The most bruising battle in the superhero world isn’t between spandex-clad characters; it’s between the publishers themselves. For more than 50 years, Marvel and DC have been locked in an epic war, tirelessly trading punches and trying to do to each other what Batman regularly does to the Joker’s face. Slugfest, the first book to tell the history of this epic rivalry into a single, juicy narrative, is the story of the greatest corporate rivalry never told. It is also an alternate history of the superhero, told through the lens of these two publishers.

Slugfest will combine primary-source reporting with in-depth research to create a more fun Barbarians at the Gate for the comic book industry. Complete with interviews with the major names in the industry, Slugfest reveals the arsenal of schemes the two companies have employed in their attempts to outmaneuver the competition, whether it be stealing ideas, poaching employees, planting spies, ripping off characters or launching price wars. Sometimes the feud has been vicious, at other times, more cordial. But it has never completely disappeared, and it simmers on a low boil to this day.

The competition has spilled over to the even the casual fans, bisecting the world into two opposing tribes. You are either a Marvel or a DC fan, and allegiance is hardly a trivial matter. Perhaps the most telling question one can ask of a superhero fan is, Marvel or DC? The answer often reveals something deeper about personality, and the reason is wrapped up in the history of both companies.

DC was around 5 years old when Marvel was founded in the late 1930s and few if anyone could predict how these 2 companies would one day shape the world. The war between DC and Marvel is well documented not only between the companies but its fan base for decades. The recent moves by Marvel to take over the movie and tv show industry has only heated it up by bringing in a whole new level of interest from a group that can’t recite lines, characters and plot lines from the comics. If you were ever curious to learn about the companies, the rivalry that has captured the attention of millions and the creative force that has impacted fans across the globe then this is the book you want to read.

Reed Tucker provides tons of details with great quotes from editors, artists and writers who talk about their time with the comic legends and how it affected their lives.  We get an inside perspective from respected names in the industry that at times feels like we could be in the pub listening to some juicy gossip over a pint thanks to the way Tucker writes with ease and familiarity.

They copied one another, stole from each other, pushed each other to hit new creative heights, and reflect the culture/events around them to create stories and characters to help society deal with the world. Through their successes and failures they extended the life of comics from being something only for young kids to being an interest even adults wanted to share. Tucker showcased all this through business and historical lessons that were easy to follow to the point you could see this book being used in a classroom.

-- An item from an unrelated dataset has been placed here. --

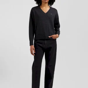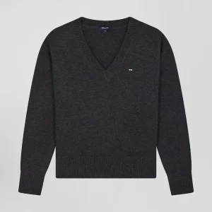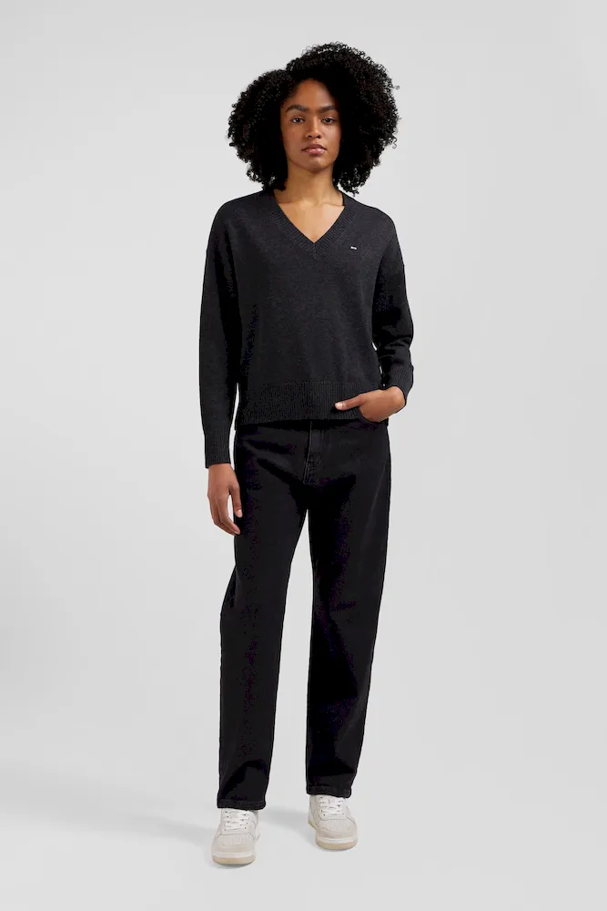 Notre pull col V est un intemporel du vestiaire féminin. Confectionné dans un mélange doux de laine et coton, des fibres naturelles aux multiples propriétés, ce pull offre une coupe Relaxed légèrement ample pour un confort optimal. Avec sa broderie discrète de notre logo nœud papillon, ce pull incarne l’élégance French Flair de notre Maison. Disponible en plusieurs coloris, il se marie aisément avec diverses tenues, idéal pour une allure chic au quotidien.
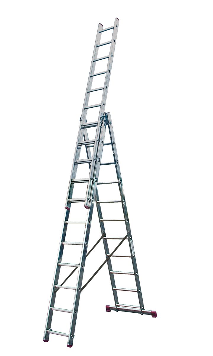Алюминиевая трехсекционная лестница с перекладинами, универсального применения - может использоваться как приставная и выдвижная лестница, или как стремянка. Прочный стальной направляющий профиль обеспечивает удобное выдвижение лестницы. Профилированные со всех сторон перекладины для безопасного подъема и спуска. Широкая поперечная траверса с двухкомпонентными заглушками увеличивает опорную площадь. Противоскользящие двухкомпонентные опорные заглушки - твердый материал обеспечивает прочное соединение с боковиной, мягкий материал обеспечивает надежное сцепление с опорной поверхностью и препятствует нежелательному скольжению лестницы. Самофиксирующиеся крюки-защелки препятствуют произвольному выскальзыванию секций при работе и транспортировке. Устойчивые к атмосферным воздействиям ремни препятствуют нежелательному раздвижению лестниц в рабочем положении.

It hasn’t all been massive success as we learn about the struggles they faced to the point they nearly decided to ‘share’ intellectual property which would have given every fan their dream – too bad money overrules fan dreams. He did touch upon how the rivalry has moved to film and included tidbits on some of the newer additions.

If you’re a fan or even just a bit curious you should check this out because Tucker did an excellent job in research, writing and presentation. It was often difficult to put down as he has this way of making these two giants seem more like complex, intriguing characters in an all-out battle rather than companies carving out their space on an economic landscape.

Thank you to Netgalley and Da Capo Press for allowing me to review this!